From Glasgow, the 13-mile Kilsyth to Falkirk section following the Forth and Clyde Canal is easy to reach. Once a busy shipping link between both coasts, this is now a place for fishing, walking, and quiet contemplation.
Both cyclists and hikers can enjoy the route, with the cycleways offering a more gentle option for walking. Signage is easy to follow in any direction.
West Highland Way, near Glasgow
The West Highland Way goes north from Milngavie, just outside Glasgow, to Fort William. That 96 miles encompasses some of the most beautiful scenery that Scotland is known for, a land of rugged mountains, heather-covered hillsides, and tranquil sea lochs.

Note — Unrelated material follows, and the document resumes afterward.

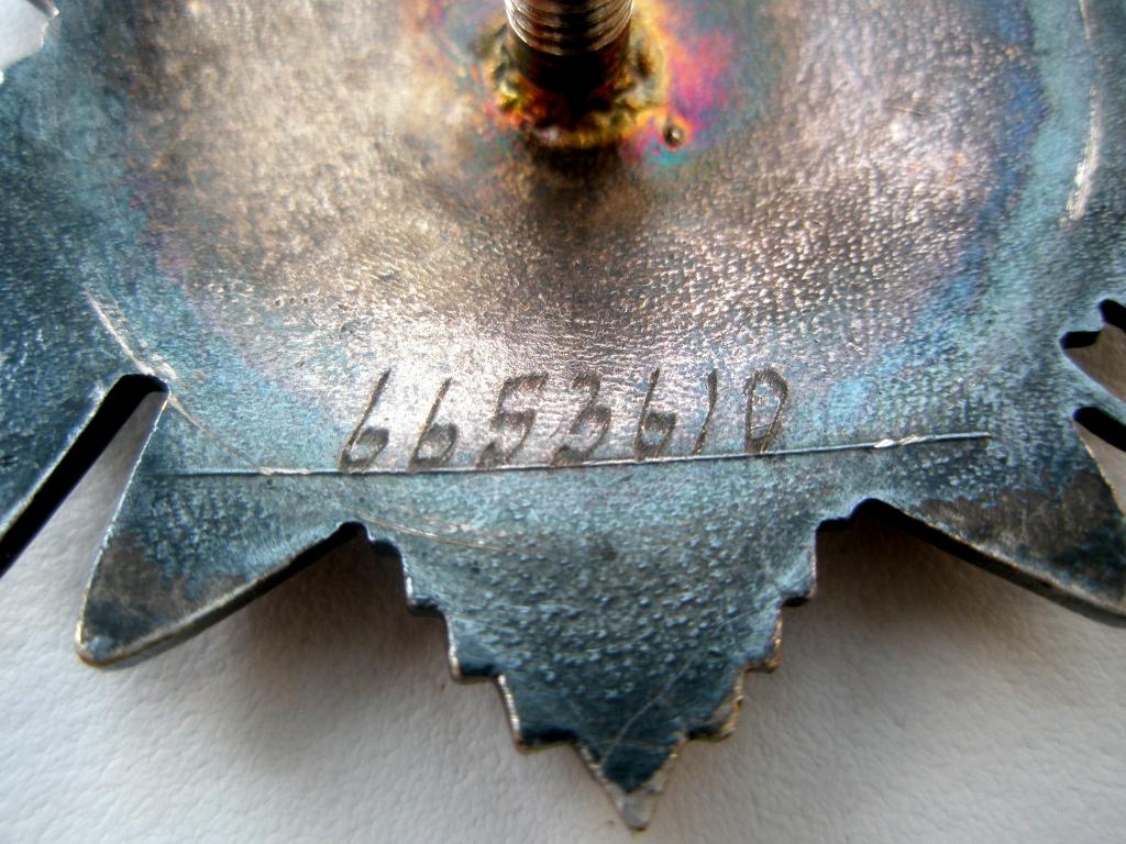 Орден (юбилейный вариант) "Отечественной войны" II степени № 6 653 610. изготовлен на Ленинградском монетном дворе в 1989г, № 6 618 301 - 6 655 050, партия интересна тем, что 500 экземпляров были без номера. Отличное коллекционное состояние, красивая родная патина, интересный "почерк" номера

Most walkers start at the southern end, allowing time to build fitness for the mountainous north. It takes about a week, although the record for runners is an incredible 14 hours.
You can take a train from Glasgow to the start at Milngavie and just tackle a short section of the walk. This first 12-mile section to Drymen ends on the shores of Loch Lomond.
At the northern end of the loch, the third-day section from Rowardennan to Inverarnan is a spectacular 14 miles. Wild mountains, Inversnaid waterfall and a wee dram at the Drovers Inn are all highlights.
June to August can be a problem with midges, so come prepared with bug spray and long sleeves. They don’t carry diseases but can be very annoying.
The Great Glen Way, Inverness
The Caledonian Canal was built in the 19th century to take steamships from Inverness, in the east, to Fort William on Scotland’s western coastline. Its route is now followed by the Great Glen Way, an 80-mile walk.
Inverness Castle marks the eastern end of the path, so you can actually start straight walking right at Inverness Harbour. However, the city’s Whin Park is a great place to follow a loop walk along the canal to the docks at Dochgarroch.
This route is seven and a half miles long and, this being a canal towpath, is almost completely flat. Leave some time to explore Whin Park itself, with its lovely woodlands and the Ness Islands reached by beautiful Victorian footbridges.